Renewable electricity is simply the electricity generated using renewable energy sources. Solar, wind and hydro are three of the most popular ways to generate renewable electricity.  

Demand for renewable electricity has been on the rise for two key reasons. The first is the affordability. Solar panels and wind turbines have become better and cheaper over the years. The second reason is around environmental concerns. The tolerance for the emissions associated to fossil power plants is rapidly declining. This drives the trend in replacing fossil power plants with renewable energy resources.  

What are AC and DC electricity? 

Alternative current (AC) and direct current (DC) are two different ways that electricity current can flow in a circuit.  

DC flows at a constant rate and always in the same direction. AC flows at a variable rate, and the direction of its flow changes frequently.  

When we say that our electricity supply in North America is 60 Hz, it means that the direction of the AC flow changes 60 times per second. Think of AC as a crankshaft in a sporty, fast race car. It has multiple cylinders pushing the crank shaft to move the car but the cylinders are not pushing the crankshaft at the same time. Together they propel the car and that movement feels like constant motion.  

Now think of DC as a hand drill. The drill brings constant motion, constant power, to whatever task it is doing.  

In the early days of electrification, DC and AC were both seen as valid ways to generate, transport, distribute and consume electricity. This takes us back to Edison and Westinghouse.  

Edison envisioned an electrical system based on DC electricity. Westinghouse was supporting the development of an AC system. The problem for them was that AC and DC systems are mutually exclusive—so one had to prevail and the other had to lose. This resulted in a bitter rivalry that went down in the annals of history.  

Eventually, AC became the dominant type of electricity because it was much easier to transport and distribute efficiently, from power plants, to substations, to homes and businesses.  

Fragments of Edison’s DC electrical system remained in New York City well into the 20th century, serving for example old buildings that had DC elevators or the subway system, whose trains were also running on DC. The last DC service customer in Manhattan, a building on 40th Street, was disconnected as late as 2007.  

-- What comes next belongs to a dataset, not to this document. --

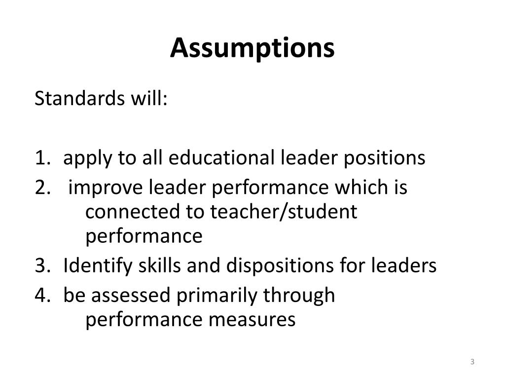 Assumptions Standards will: • apply to all educational leader positions • improve leader performance which is connected to teacher/student performance • Identify skills and dispositions for leaders • be assessed primarily through performance measures

Interestingly, DC transmission lines are making a comeback in certain applications. They are, for example, a common choice for the undersea cables that carry the electricity generated by offshore wind farms back to land. The reason that DC lines can connect to the AC network is that we now have power electronics that can convert electricity between DC and AC with minimal losses—power electronics hadn’t been invented in the 19th century, so Edison and Westinghouse didn’t have that option.

Interestingly, the rise of renewable energy from solar and wind resources is driving a regain of interest for DC electricity. There are several reasons for this.

The first reason is that DC tends to be a good choice for the undersea cables that carry the electricity generated by offshore wind farms back to land. These DC connections are sometimes known as HVDC lines, as in High Voltage DC lines.  

Another reason is the fact that PV panels can only produce DC electricity.

The third reason is the result of the increased use of utility scale battery energy storage systems, which are often built along with PV panels to help mitigate their variability, and, like PV panels, can only produce DC electricity. All of these DC elements are connected to the broader electrical network, which has AC electricity, using power electronics that can convert electricity between DC and AC with minimal losses.

Power electronics hadn’t been invented in the 19th century, and unfortunately for Edison and Westinghouse, that option wasn’t available for them to reconcile.